▶ [Brief]:
In your copy, include every entry exactly as written but no pictures.

▶ [Provided records]:
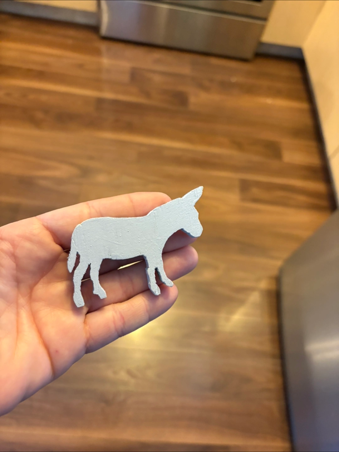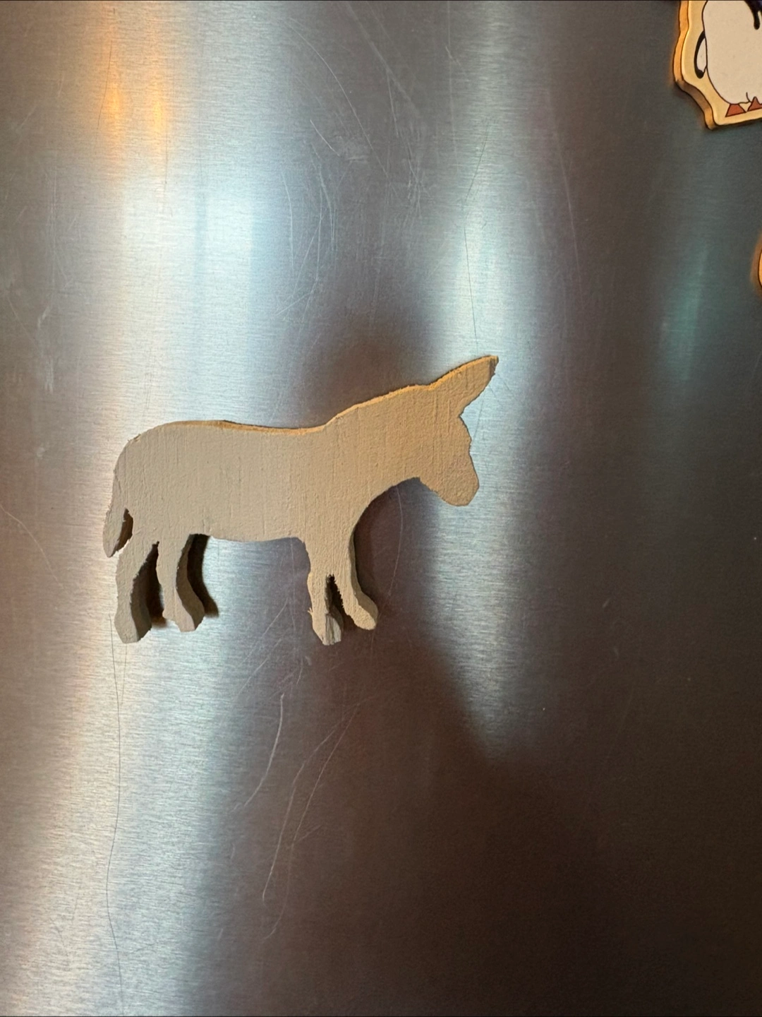 Adorable wooden donkey fridge magnet. Light grey colour. Great addition to any kitchen.
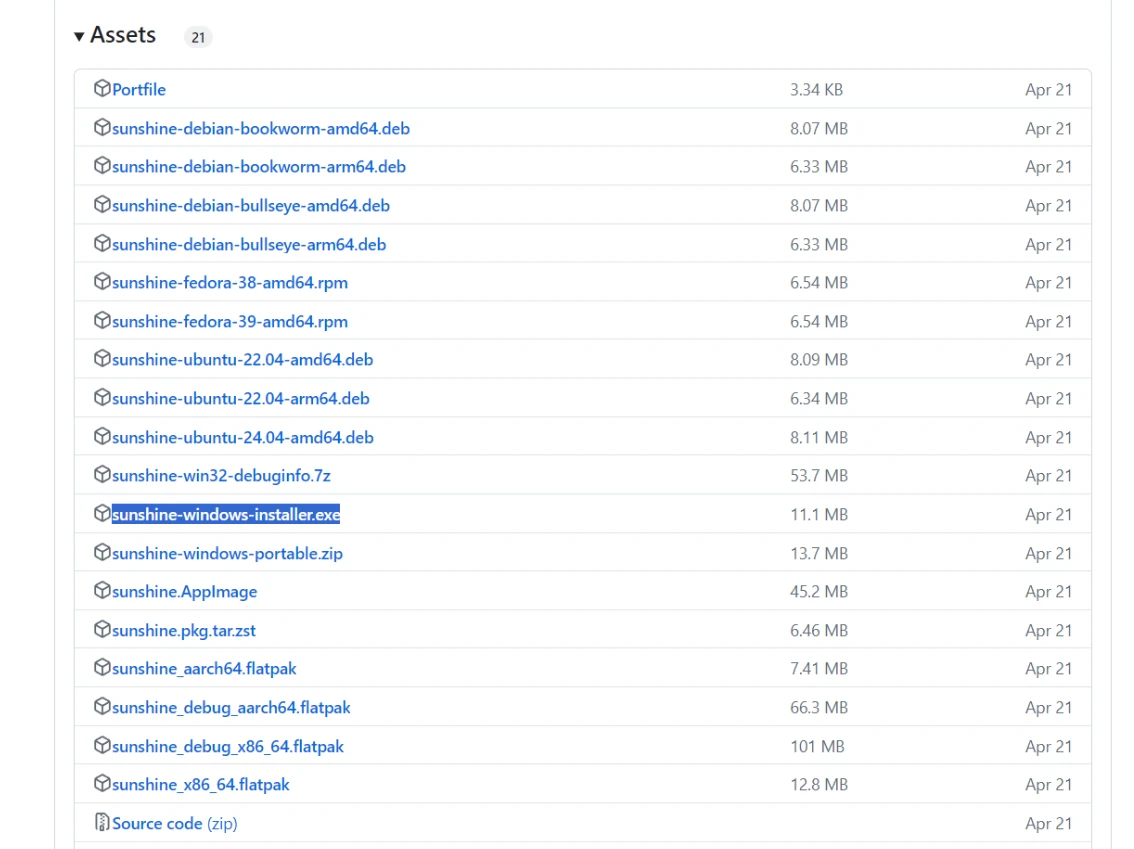 Sunshine專案現由LizardByte維護,請至Sunshine的Github Release,找到Latest標籤,點Show all assests,下載
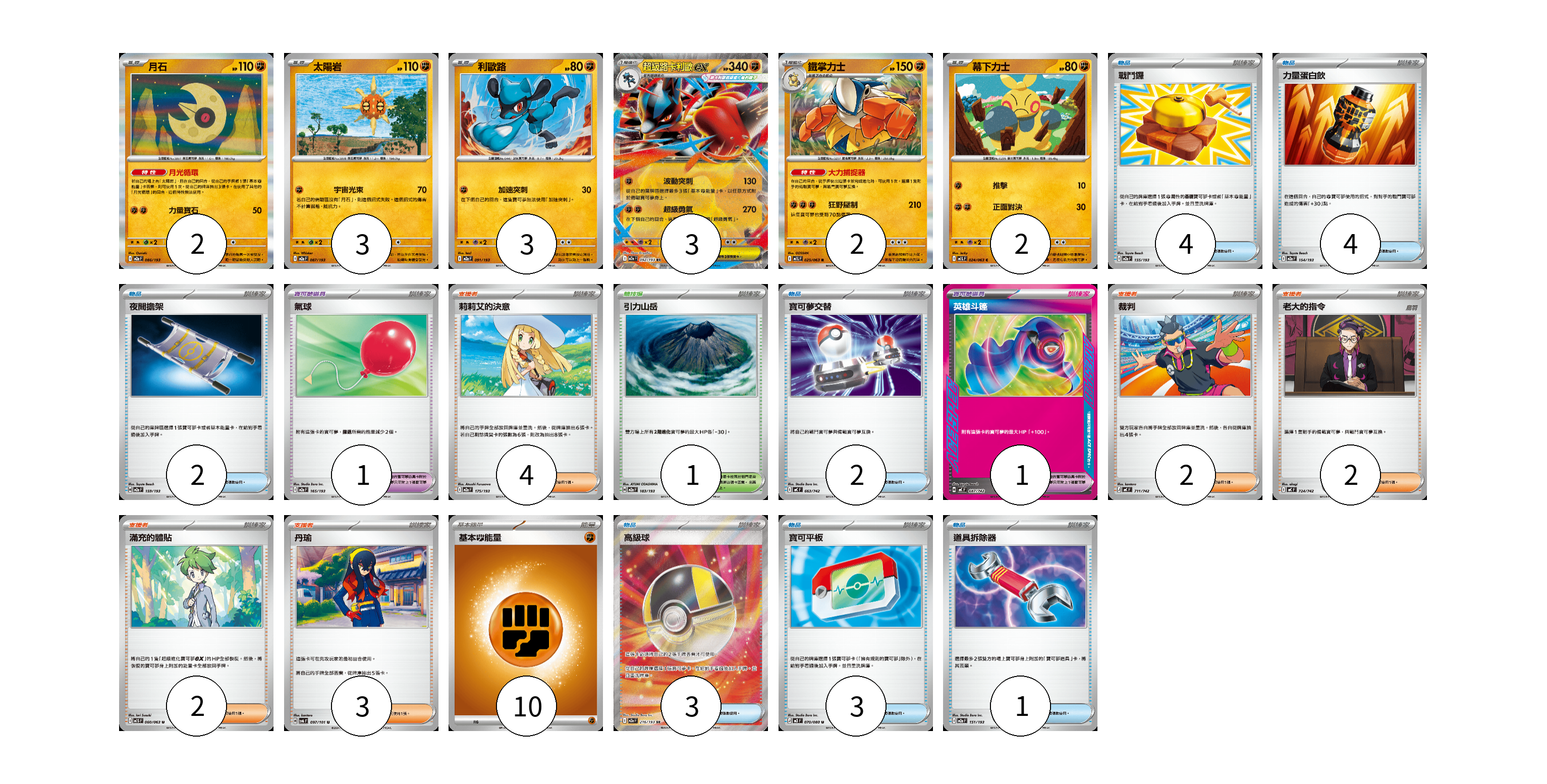 牌組構築方案 以此牌組為基礎新構築牌組 顯示卡面 顯示列表 寶可夢卡(15) 2 3 3 3 2 2 寶可夢道具(2) 1 1 物品卡(19) 4 4 2 2 3 3 1 支援者卡(13) 4 2 2 2 3 競技場卡(1) 1 能量卡(10) 10 寶可夢卡(15) 卡牌名稱 張數 卡牌名稱 張數 月石 M2a 086/193 02 太陽岩 M2a 087/193 03 利歐路 M2a 091/193 03 超級路卡利歐ex M2a 092/193 03 鐵掌力士 M1L 025/063 02 幕下力士 M1L 024/063 02 寶可夢道具(2) 卡牌名稱 張數 卡牌名稱 張數 氣球 M2a 165/193 01 英雄斗篷 MC 687/742 01 物品卡(19) 卡牌名稱 張數 卡牌名稱 張數 戰鬥鑼 M2a 155/193 04 力量蛋白飲 M2a 154/193 04 夜間擔架 M2a 159/193 02 寶可夢交替 MC 663/742 02 高級球 M2a 216/193 03 寶可平板 M3 070/080 03 道具拆除器 M2a 151/193 01 支援者卡(13) 卡牌名稱 張數 卡牌名稱 張數 莉莉艾的決意 M2a 175/193 04 裁判 MC 711/742 02 老大的指令 MC 724/742 02 滿充的體貼 M1S 060/063 02 丹瑜 SV6 097/101 03 競技場卡(1) 卡牌名稱 張數 卡牌名稱 張數 引力山岳 M2a 183/193 01 能量卡(10) 卡牌名稱 張數 卡牌名稱 張數 基本【鬥】能量 MC FIG 10 以此牌組為基礎新構築牌組 牌組編碼 PBnzJl-bjvzEU-SbANQg copy 列印牌組單 牌組編碼已複製 分享至SNS
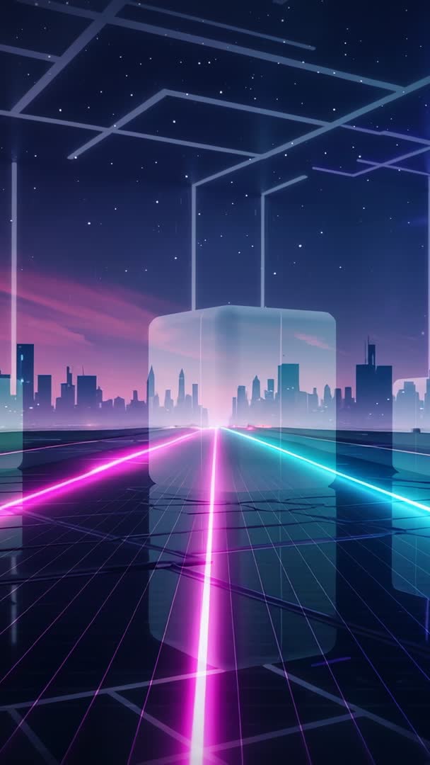 AI Generated Image. Opening shot showing camera gliding along neon grid deck toward glowing pink-cyan cuboid with distant cyberpunk city skyline under starry sky. High-contrast neon palette, reflective surfaces, and strong perspective lines creating sense of speed and depth. Suiting tech product promos, synthwave music intros, cyberpunk trailers, app onboarding clips, social vertical ads, VJ loops, and title openers. Working well for hero backgrounds, transitions, or animated overlays by adding motion blur, bloom glow, and particle effects. Recommending color grading to intensify pink-cyan contrast, layering typographic titles or logo reveals on central cuboid, and looping end-to-start for seamless playback. Delivering cinematic neon mood while optimizing for mobile stories and reels.
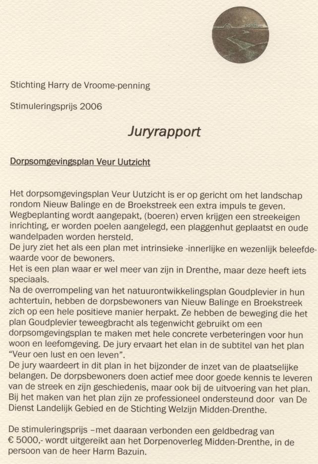 Noorden over de prijs die n.a.v. project Veur Uutzicht
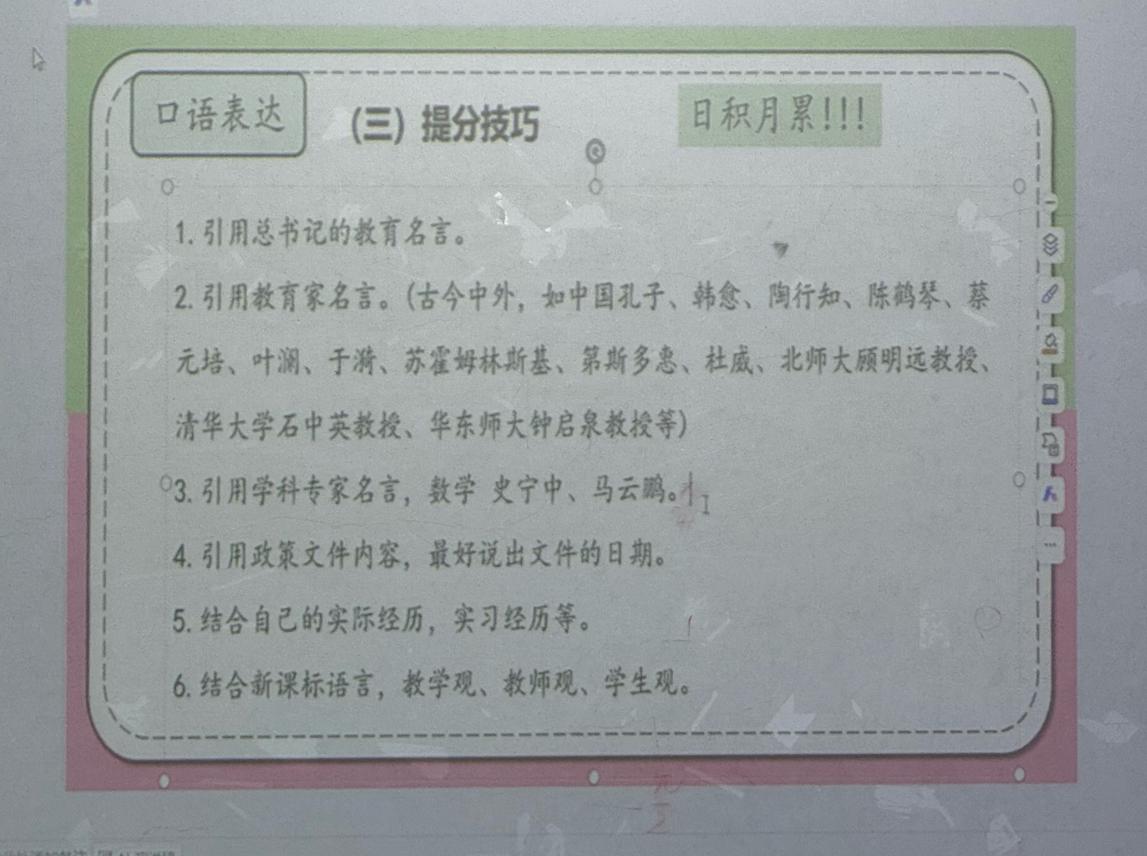 小教数学组获奖者朱轶敏同学聚焦教资与口语两大核心展开分享:她强调教资需稳扎知识体系、强化真题训练;而口语表达要遵循“总-分-总”结构——先破题明观点,再分点结合学科、自身经历或引用名言论述,最后总结收束,强调日常要积累总书记教育名言、教育家言论等表述等素材,让教学语言兼具专业深度与感染力。
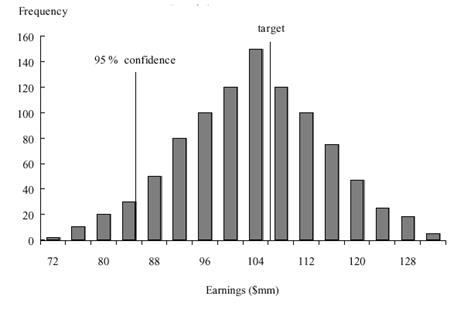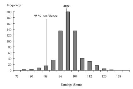Диаграмма 3.1 описывает 12-месячное распределение дохода для компании, которая испытывает влияние изменения цен на сырье. Как показано, плановая норма доходов компании на 12-месячный период - $105 млн. Риск дохода (Earnings-at-Risk) (EaR) из-за риска, связанного с ценами на сырье, - $25 млн. при доверительном уровне 95%. Диаграмма 3.2 также показывает 12-месячное распределение дохода для той же самой компании, но предполагает, что компания заключила контракт, страхующий часть товара от воздействия изменения цен на сырье.
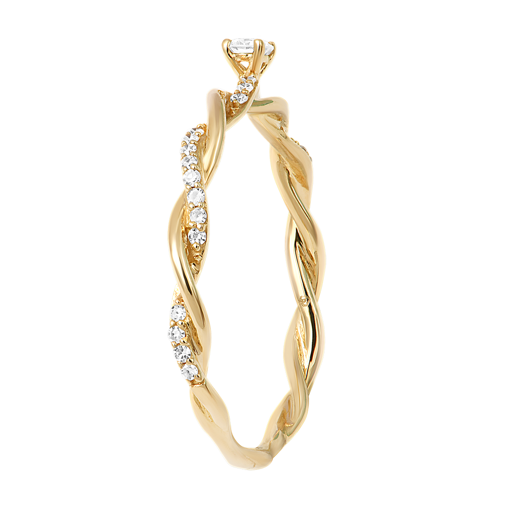 L'anello "Olympe" combina due fili d'oro intrecciati: uno in oro giallo puro e l'altro pavé di diamanti. Al centro, un diamante di 0.052 carati aggiunge un tocco di splendore. Una fusione elegante di luce e lucentezza per un gioiello senza tempo.

▶ [Exercise response]:
 Adorable wooden donkey fridge magnet. Light grey colour. Great addition to any kitchen.
 Sunshine專案現由LizardByte維護,請至Sunshine的Github Release,找到Latest標籤,點Show all assests,下載
 牌組構築方案 以此牌組為基礎新構築牌組 顯示卡面 顯示列表 寶可夢卡(15) 2 3 3 3 2 2 寶可夢道具(2) 1 1 物品卡(19) 4 4 2 2 3 3 1 支援者卡(13) 4 2 2 2 3 競技場卡(1) 1 能量卡(10) 10 寶可夢卡(15) 卡牌名稱 張數 卡牌名稱 張數 月石 M2a 086/193 02 太陽岩 M2a 087/193 03 利歐路 M2a 091/193 03 超級路卡利歐ex M2a 092/193 03 鐵掌力士 M1L 025/063 02 幕下力士 M1L 024/063 02 寶可夢道具(2) 卡牌名稱 張數 卡牌名稱 張數 氣球 M2a 165/193 01 英雄斗篷 MC 687/742 01 物品卡(19) 卡牌名稱 張數 卡牌名稱 張數 戰鬥鑼 M2a 155/193 04 力量蛋白飲 M2a 154/193 04 夜間擔架 M2a 159/193 02 寶可夢交替 MC 663/742 02 高級球 M2a 216/193 03 寶可平板 M3 070/080 03 道具拆除器 M2a 151/193 01 支援者卡(13) 卡牌名稱 張數 卡牌名稱 張數 莉莉艾的決意 M2a 175/193 04 裁判 MC 711/742 02 老大的指令 MC 724/742 02 滿充的體貼 M1S 060/063 02 丹瑜 SV6 097/101 03 競技場卡(1) 卡牌名稱 張數 卡牌名稱 張數 引力山岳 M2a 183/193 01 能量卡(10) 卡牌名稱 張數 卡牌名稱 張數 基本【鬥】能量 MC FIG 10 以此牌組為基礎新構築牌組 牌組編碼 PBnzJl-bjvzEU-SbANQg copy 列印牌組單 牌組編碼已複製 分享至SNS
 AI Generated Image. Opening shot showing camera gliding along neon grid deck toward glowing pink-cyan cuboid with distant cyberpunk city skyline under starry sky. High-contrast neon palette, reflective surfaces, and strong perspective lines creating sense of speed and depth. Suiting tech product promos, synthwave music intros, cyberpunk trailers, app onboarding clips, social vertical ads, VJ loops, and title openers. Working well for hero backgrounds, transitions, or animated overlays by adding motion blur, bloom glow, and particle effects. Recommending color grading to intensify pink-cyan contrast, layering typographic titles or logo reveals on central cuboid, and looping end-to-start for seamless playback. Delivering cinematic neon mood while optimizing for mobile stories and reels.
 Noorden over de prijs die n.a.v. project Veur Uutzicht
 小教数学组获奖者朱轶敏同学聚焦教资与口语两大核心展开分享:她强调教资需稳扎知识体系、强化真题训练;而口语表达要遵循“总-分-总”结构——先破题明观点,再分点结合学科、自身经历或引用名言论述,最后总结收束,强调日常要积累总书记教育名言、教育家言论等表述等素材,让教学语言兼具专业深度与感染力。
Диаграмма 3.1 описывает 12-месячное распределение дохода для компании, которая испытывает влияние изменения цен на сырье. Как показано, плановая норма доходов компании на 12-месячный период - $105 млн. Риск дохода (Earnings-at-Risk) (EaR) из-за риска, связанного с ценами на сырье, - $25 млн. при доверительном уровне 95%. Диаграмма 3.2 также показывает 12-месячное распределение дохода для той же самой компании, но предполагает, что компания заключила контракт, страхующий часть товара от воздействия изменения цен на сырье.
 L'anello "Olympe" combina due fili d'oro intrecciati: uno in oro giallo puro e l'altro pavé di diamanti. Al centro, un diamante di 0.052 carati aggiunge un tocco di splendore. Una fusione elegante di luce e lucentezza per un gioiello senza tempo.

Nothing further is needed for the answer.